DR Tulu launches open recipe for deep research | Keryc
DR Tulu is an open bet for models to do deep research: plan, search and synthesize information from many sources to produce long, justified answers with clear citations. Sounds complex? Yes. Is it useful today? Also.
What DR Tulu is and why it matters
DR Tulu is the first open model trained specifically for long-form research tasks using an end-to-end recipe that combines SFT (supervised fine-tuning) and a new variant of RL they call RLER (Reinforcement Learning with Evolving Rubrics). The main idea is to train agents that don’t just answer, but investigate: plan, call search tools, gather evidence and document each claim with verifiable citations.
Why is this relevant now? Because many powerful research agents are proprietary.
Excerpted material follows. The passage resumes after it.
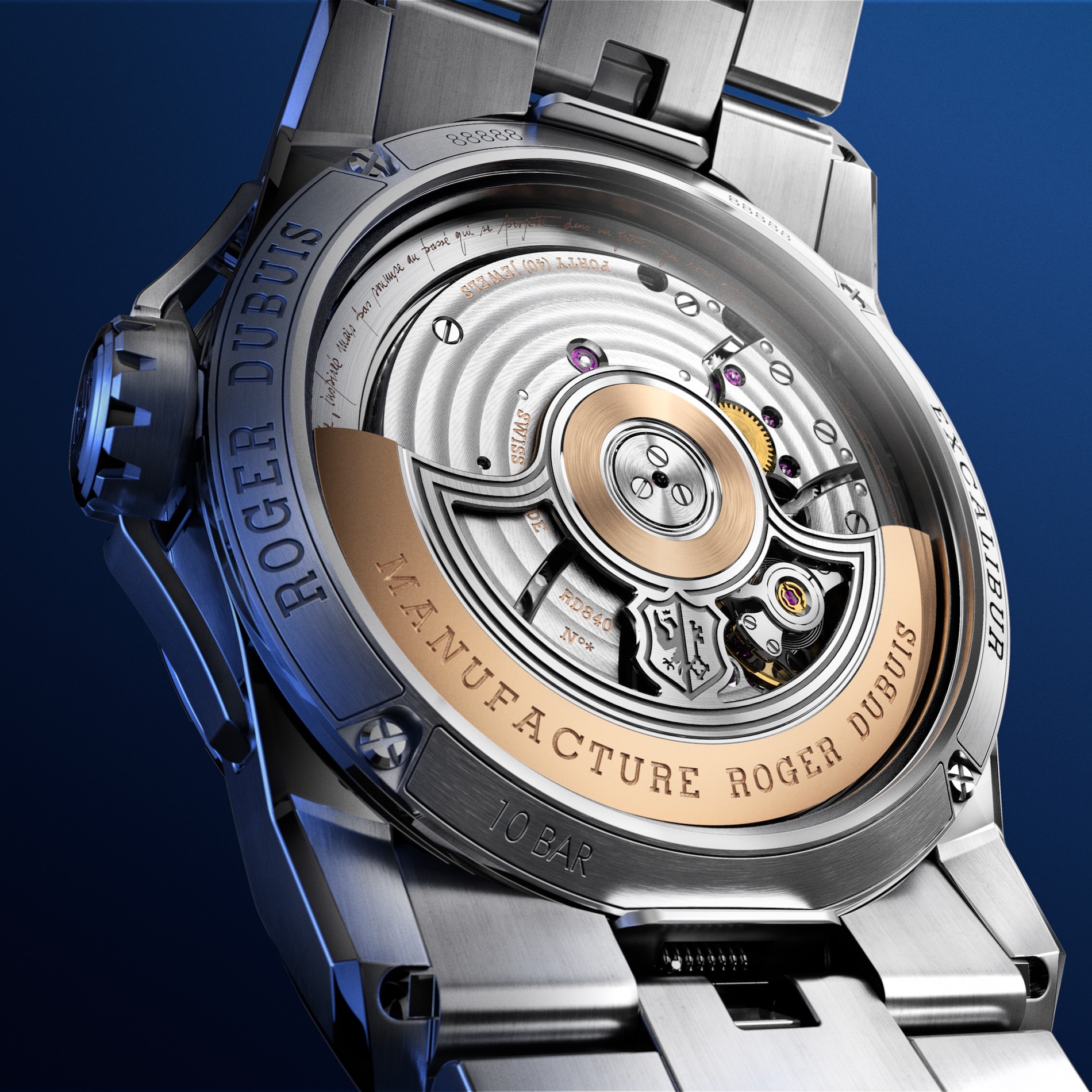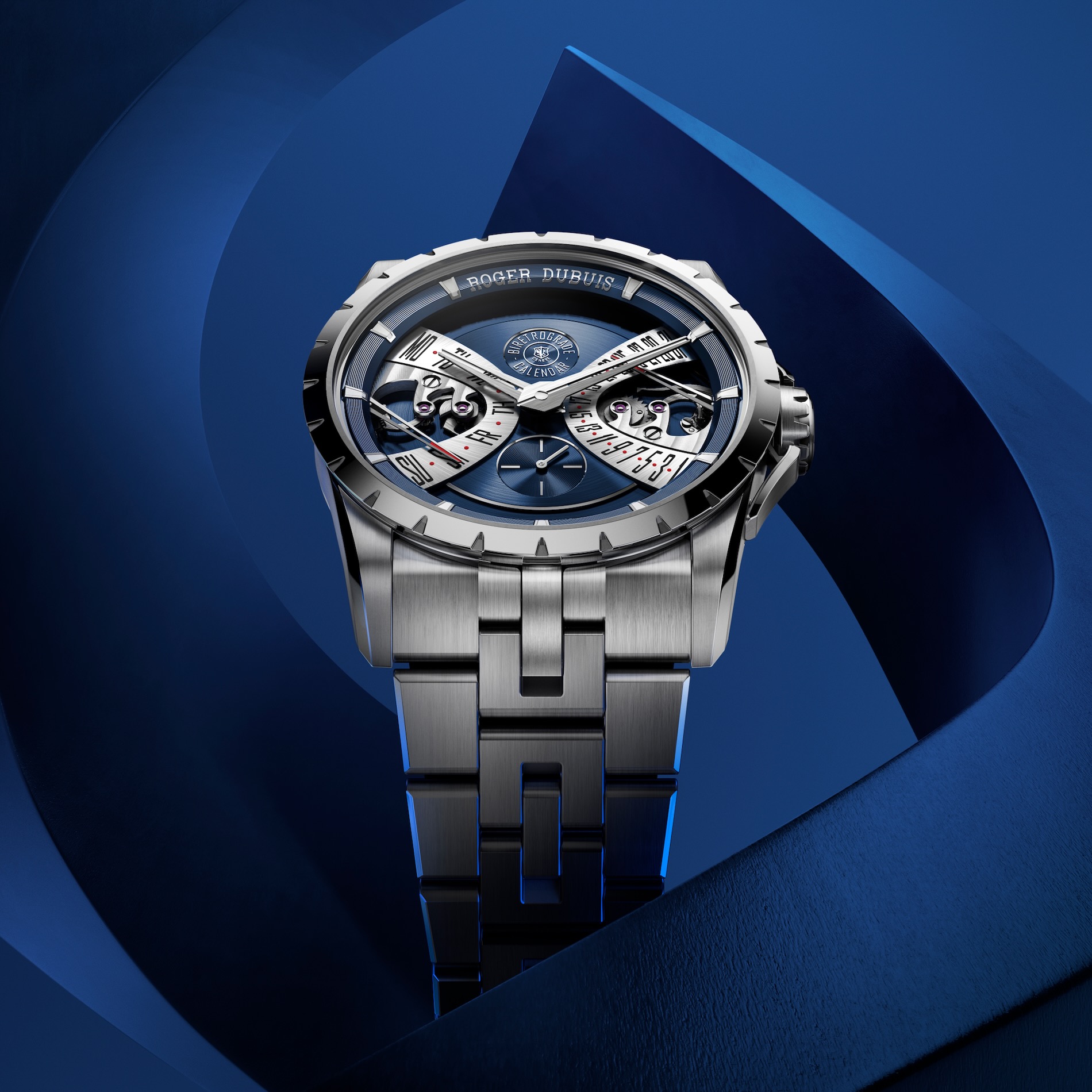 Crafted entirely in 316L stainless steel, the watch is elevated through a mix of polishing, shot blasting, and satin brushing to create a variety of light reflecting surfaces. The seven levels of the signature multi-layered dial showcase the Roger Dubuis colour known as "Cosmic Blue". This specific shade represents the inspiring sky on Earth when daytime blue darkens into night, bringing the curiosities of space into view.
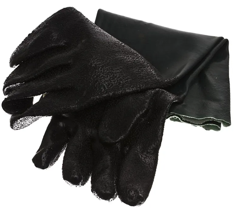 Pela 48966 on pari hiekkapuhalluskäsineitä Pelan pöytätasoiseen hiekkapuhalluskaappiin 497941. Käsinevarren läpimitta 460 mm, varren pituus 280 mm ja käsineen kokonaispituus 480 mm.

DR Tulu proposes a reproducible alternative: model, code, agent library and the full recipe under a permissive license.
Practically speaking: DR Tulu-8B ties with or outperforms several proprietary agents on long-research benchmarks, at a cost per query thousands of times lower.
How it works: agent, tools and MCP
At inference, DR Tulu runs a loop of self-search and chooses between three actions: think to plan, call_tool to invoke searchers or browsers, and answer to produce the final response.
Final answers include citation tags that link to the sources used. That makes it easier to audit the agent’s steps and verify that claims are actually grounded.
To handle different domains, DR Tulu uses the Model Context Protocol or MCP, which treats tools as interchangeable components. In the default setup it offers:
google_search for web snippets
web_browse to extract full text from pages
paper_search for relevant paragraphs from open-access papers
Thanks to dr-agent-lib you can swap or add searchers, private databases or domain-specific readers without retraining the model.
The training recipe: SFT + RLER
Training for long-form research has two key challenges: there isn’t a single “correct” answer, and static rubrics break when the model learns to exploit their weaknesses. DR Tulu solves this in two phases.
SFT to get started cold
Before RL, they apply SFT with trajectories generated by GPT-5. Those trajectories include simulated chain-of-thought steps, tool calls and final responses with formatting and citations.
The goal is for the model to learn the protocol: when to call tools, how to structure an answer and how to cite. That prevents RLER, if applied from scratch, from resulting in poor exploration or ineffective tool calls.
RLER: rewards that evolve
RLER adapts the reward function during training along three axes:
Instance-specific rubrics anchored in search. For each question a rubric is generated based on retrieved context.
Positive and negative rubrics that evolve. New good strategies are promoted and failure or hacking modes are penalized (for example pasting retrieved text without synthesizing).
Dynamic buffer of rubrics and auxiliary rewards for format and faithful citation.
They also use a variant of GRPO supporting multiple rollouts and asynchronous training. Execution lets generation and search overlap: if one trajectory makes a call it pauses while others continue, optimizing API usage.
Results on benchmarks and efficiency
They evaluated DR Tulu-8B (RL) on seven benchmarks (four long synthesis and three short-answer) and the results are solid:
ScholarQA-CSv2: 86.7 (DR Tulu-8B) versus 42.5 for WebExplorer-8B and 32.9 for WebThinker-32B-DPO.
ResearchQA and DeepResearch Bench: 71.1 and 41.8 respectively, with clear improvements over open baselines.
On ScholarQA-CSv2 DR Tulu reaches a citation precision of 90.6 and recall of 76.1, which indicates not only complete answers but better grounding in the literature.
And the cost? A typical evaluated query reports about $0.00008 in external calls. Even with a max of 10 searches, the approximate cap was $0.0075 per query. By comparison, proprietary agents reach $1 or more per query for these tasks.
Clinical case: genetics and current limits
Tested on a realistic set about genetic variants (GeneticDiseasesQA), DR Tulu beats several open alternatives and some proprietary services in evidence synthesis and answer quality. In synthesis evidence it even competes well with GPT-5 + Search.
However, HealthBench — demanding medical queries — remains a challenge. DR Tulu improves on other open options, but there’s still room for expert clinical advice.
Practical design: reproducibility and use
They release everything: the DR Tulu-8B checkpoint, training code, RLER and dr-agent-lib. This allows you to:
Reproduce the experiments and study how rewards and tools change behavior.
Deploy the agent with your own MCP tools and privacy policies.
Extend the library for specific domains without retrain, by describing new tools to the agent.
If you want to try it in your domain, a typical route is: adjust the MCP tool stack, curate representative questions, and evaluate with specific rubrics before running RL.
Final reflection
DR Tulu shows it’s possible to train open agents for long-form research with a good balance of quality, cost and traceability. The key is combining an SFT-guided warm start with rewards that evolve according to what the agent actually discovers.
Does this mean AI-assisted research solves everything now? No. There are still challenges in clinical domains and in ensuring ethics and robustness. But you now have an open recipe to experiment and improve, not just a proprietary black box.